# Assignment:
Your copy should contain exactly the lines from the start of the material through the line containing "NWT Catherines Multi", and no pictures.

# Dataset content:
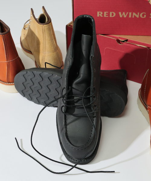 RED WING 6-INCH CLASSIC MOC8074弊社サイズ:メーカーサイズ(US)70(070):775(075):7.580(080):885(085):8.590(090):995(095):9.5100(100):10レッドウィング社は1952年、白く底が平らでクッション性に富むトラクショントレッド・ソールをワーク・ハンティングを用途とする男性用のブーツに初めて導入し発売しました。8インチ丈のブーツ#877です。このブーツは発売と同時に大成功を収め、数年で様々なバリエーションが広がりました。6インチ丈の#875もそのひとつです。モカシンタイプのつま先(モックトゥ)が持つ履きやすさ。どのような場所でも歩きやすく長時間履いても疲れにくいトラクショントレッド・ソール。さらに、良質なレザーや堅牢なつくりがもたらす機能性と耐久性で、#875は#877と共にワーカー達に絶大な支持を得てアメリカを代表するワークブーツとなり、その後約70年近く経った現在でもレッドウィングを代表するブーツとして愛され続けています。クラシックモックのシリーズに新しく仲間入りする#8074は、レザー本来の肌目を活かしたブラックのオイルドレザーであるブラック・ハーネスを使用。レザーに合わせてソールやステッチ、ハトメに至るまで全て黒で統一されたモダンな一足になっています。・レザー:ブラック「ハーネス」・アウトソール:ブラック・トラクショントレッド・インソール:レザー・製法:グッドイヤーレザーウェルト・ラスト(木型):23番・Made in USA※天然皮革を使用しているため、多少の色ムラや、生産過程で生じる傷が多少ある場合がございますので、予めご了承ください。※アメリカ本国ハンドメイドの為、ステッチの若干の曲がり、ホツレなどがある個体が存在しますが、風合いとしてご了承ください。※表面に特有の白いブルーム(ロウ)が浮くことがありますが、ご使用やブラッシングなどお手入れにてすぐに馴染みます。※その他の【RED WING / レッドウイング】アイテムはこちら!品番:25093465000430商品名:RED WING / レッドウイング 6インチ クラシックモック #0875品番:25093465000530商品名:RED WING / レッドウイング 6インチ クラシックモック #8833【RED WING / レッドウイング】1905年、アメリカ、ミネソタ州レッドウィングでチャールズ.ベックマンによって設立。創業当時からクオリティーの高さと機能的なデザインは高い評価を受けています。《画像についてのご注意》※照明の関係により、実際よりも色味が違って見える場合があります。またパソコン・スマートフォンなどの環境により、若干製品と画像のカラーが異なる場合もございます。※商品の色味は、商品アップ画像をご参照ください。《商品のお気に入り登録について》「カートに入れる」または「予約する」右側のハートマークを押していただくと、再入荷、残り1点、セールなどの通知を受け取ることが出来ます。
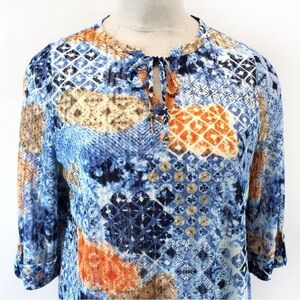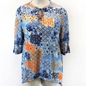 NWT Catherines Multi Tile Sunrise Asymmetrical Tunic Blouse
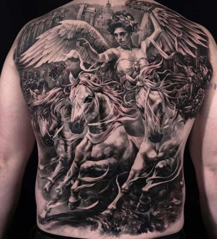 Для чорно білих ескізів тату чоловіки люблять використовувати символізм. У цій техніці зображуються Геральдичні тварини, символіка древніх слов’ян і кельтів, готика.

# Response to the exercise:
 RED WING 6-INCH CLASSIC MOC8074弊社サイズ:メーカーサイズ(US)70(070):775(075):7.580(080):885(085):8.590(090):995(095):9.5100(100):10レッドウィング社は1952年、白く底が平らでクッション性に富むトラクショントレッド・ソールをワーク・ハンティングを用途とする男性用のブーツに初めて導入し発売しました。8インチ丈のブーツ#877です。このブーツは発売と同時に大成功を収め、数年で様々なバリエーションが広がりました。6インチ丈の#875もそのひとつです。モカシンタイプのつま先(モックトゥ)が持つ履きやすさ。どのような場所でも歩きやすく長時間履いても疲れにくいトラクショントレッド・ソール。さらに、良質なレザーや堅牢なつくりがもたらす機能性と耐久性で、#875は#877と共にワーカー達に絶大な支持を得てアメリカを代表するワークブーツとなり、その後約70年近く経った現在でもレッドウィングを代表するブーツとして愛され続けています。クラシックモックのシリーズに新しく仲間入りする#8074は、レザー本来の肌目を活かしたブラックのオイルドレザーであるブラック・ハーネスを使用。レザーに合わせてソールやステッチ、ハトメに至るまで全て黒で統一されたモダンな一足になっています。・レザー:ブラック「ハーネス」・アウトソール:ブラック・トラクショントレッド・インソール:レザー・製法:グッドイヤーレザーウェルト・ラスト(木型):23番・Made in USA※天然皮革を使用しているため、多少の色ムラや、生産過程で生じる傷が多少ある場合がございますので、予めご了承ください。※アメリカ本国ハンドメイドの為、ステッチの若干の曲がり、ホツレなどがある個体が存在しますが、風合いとしてご了承ください。※表面に特有の白いブルーム(ロウ)が浮くことがありますが、ご使用やブラッシングなどお手入れにてすぐに馴染みます。※その他の【RED WING / レッドウイング】アイテムはこちら!品番:25093465000430商品名:RED WING / レッドウイング 6インチ クラシックモック #0875品番:25093465000530商品名:RED WING / レッドウイング 6インチ クラシックモック #8833【RED WING / レッドウイング】1905年、アメリカ、ミネソタ州レッドウィングでチャールズ.ベックマンによって設立。創業当時からクオリティーの高さと機能的なデザインは高い評価を受けています。《画像についてのご注意》※照明の関係により、実際よりも色味が違って見える場合があります。またパソコン・スマートフォンなどの環境により、若干製品と画像のカラーが異なる場合もございます。※商品の色味は、商品アップ画像をご参照ください。《商品のお気に入り登録について》「カートに入れる」または「予約する」右側のハートマークを押していただくと、再入荷、残り1点、セールなどの通知を受け取ることが出来ます。
 NWT Catherines Multi Tile Sunrise Asymmetrical Tunic Blouse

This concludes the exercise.